EXERCISE DATA —
..............................

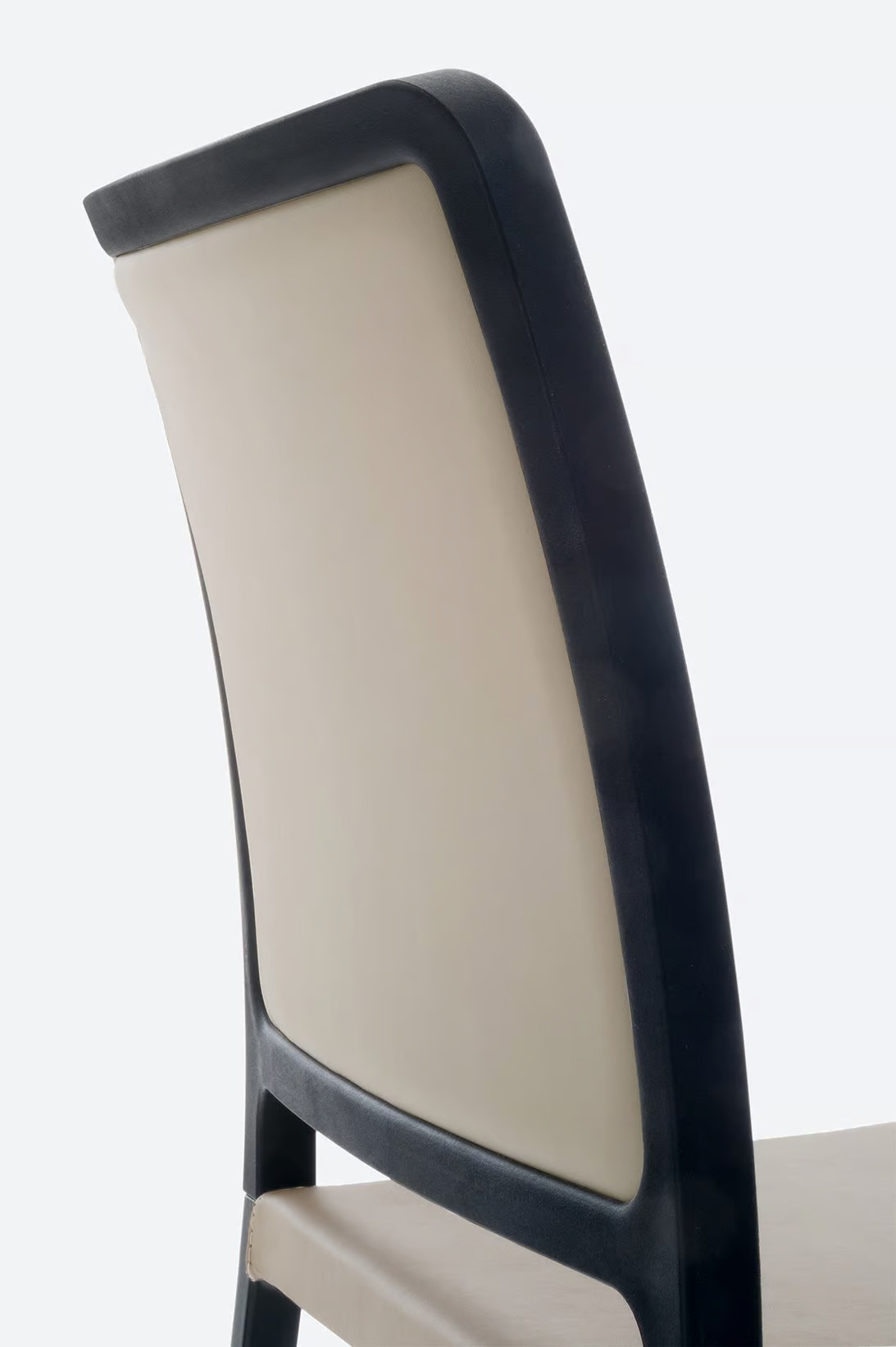 The MYA 711 offers a sophisticated seating solution with its sleek and slender design, ideal for various professional environments. This chair features a die-cast aluminum frame, ensuring durability and stability, making it suitable for dining tables in restaurants or as conference room furniture. The upholstered seat and backrest are available in either fabric or faux leather, providing comfort and style. The backrest profile, crafted from injection-molded polypropylene, adds to the chair's modern design. Its ergonomic structure supports long hours of use, making it a practical choice for educational institutions, coworking spaces, and event venues. Additionally, the stackable design allows for efficient storage, enhancing its functionality in dynamic settings.
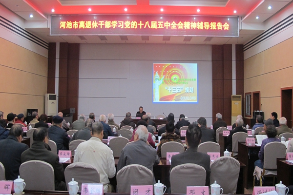 12月2日,河池市离退休干部集中学习党的十八届五中全会精神。市人大常委会副主任银建军为离退休干部作辅导报告。他从“十三五”时期经济社会发展指导思想、主要目标、基本理念,“十三五”时期各项发展任务和重大决策部署等方面对十八届五中全会精神作了深入阐述和解读。
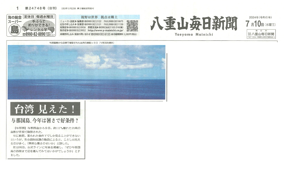 | 与那国島から台湾が見えたという記事が、 八重山毎日新聞に1面トップで載ったよ 台湾が見えるというのは、新聞記事になるぐらいの出来事なんだね。 まぁ、毎回じゃないだろうけど(笑)。 |

..............................

TASK OBJECTIVE — The data above are to be repeated word for word, with any pictures left out.

EXERCISE OUTPUT —
 The MYA 711 offers a sophisticated seating solution with its sleek and slender design, ideal for various professional environments. This chair features a die-cast aluminum frame, ensuring durability and stability, making it suitable for dining tables in restaurants or as conference room furniture. The upholstered seat and backrest are available in either fabric or faux leather, providing comfort and style. The backrest profile, crafted from injection-molded polypropylene, adds to the chair's modern design. Its ergonomic structure supports long hours of use, making it a practical choice for educational institutions, coworking spaces, and event venues. Additionally, the stackable design allows for efficient storage, enhancing its functionality in dynamic settings.
 12月2日,河池市离退休干部集中学习党的十八届五中全会精神。市人大常委会副主任银建军为离退休干部作辅导报告。他从“十三五”时期经济社会发展指导思想、主要目标、基本理念,“十三五”时期各项发展任务和重大决策部署等方面对十八届五中全会精神作了深入阐述和解读。
 | 与那国島から台湾が見えたという記事が、 八重山毎日新聞に1面トップで載ったよ 台湾が見えるというのは、新聞記事になるぐらいの出来事なんだね。 まぁ、毎回じゃないだろうけど(笑)。 |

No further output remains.